Route information
- Auxiliary route of US 422
- Maintained by PennDOT
- Length: 7.285 mi (11.724 km)

Major junctions
- West end: US 222 / US 422 in Wyomissing
- US 422 in West Reading; PA 183 in Reading; US 222 Bus. in Reading; PA 562 in St. Lawrence;
- East end: US 422 in Reiffton

Location
- Country: United States
- State: Pennsylvania
- Counties: Berks

Highway system
- United States Numbered Highway System; List; Special; Divided; Pennsylvania State Route System; Interstate; US; State; Scenic; Legislative;

= U.S. Route 422 Business (Reading, Pennsylvania) =

Business route in Pennsylvania, United States

U.S. Route 422 Business (US 422 Bus.) is a 7.29 mi business route of US 422 located in the Reading, Pennsylvania area. The route is one of four auxiliary routes of US 422 in Pennsylvania.
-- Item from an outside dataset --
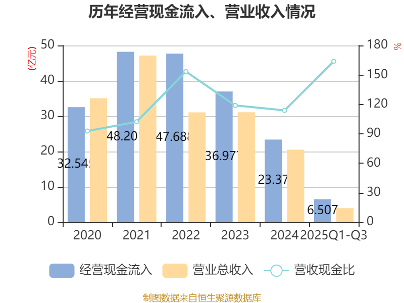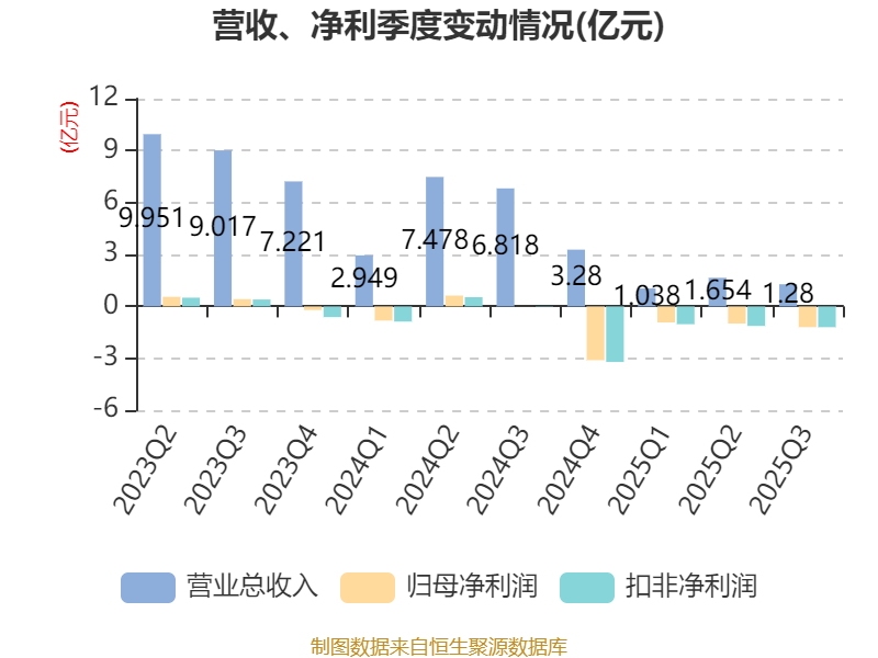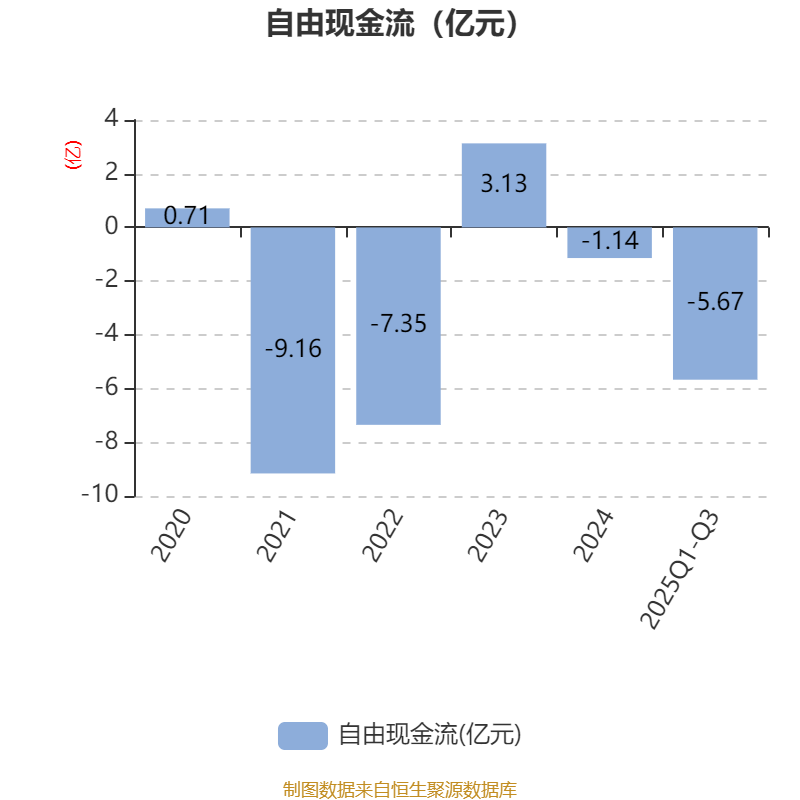 2025年前三季度,公司经营活动现金流净额为-9598.58万元,同比增加1.25亿元;筹资活动现金流净额-1.23亿元,同比减少2.2亿元;投资活动现金流净额1927.49万元,上年同期为-3628.02万元。

Its western terminus is at an interchange with US 222 and US 422 in Wyomissing. Its eastern terminus is at an interchange with US 422 in Reiffton. US 422 Bus. heads east from US 222/US 422 along Penn Avenue, passing through Wyomissing and West Reading. The route has an interchange with the US 422 freeway before it crosses the Schuylkill River into Reading. US 422 Bus. passes through downtown Reading on the one-way pair of Franklin Street eastbound and Washington Street westbound, intersecting the southern terminus of Pennsylvania Route 183 (PA 183) and crossing US 222 Bus. The business route heads into the eastern part of the city southeast on Perkiomen Avenue before following the one-way pair of Perkiomen Avenue eastbound and Mineral Spring Road westbound into Mount Penn. US 422 Bus. continues along Perkiomen Avenue to St. Lawrence, where it intersects the western terminus of PA 562 and turns southeast. The route passes through Reiffton before it merges into eastbound US 422.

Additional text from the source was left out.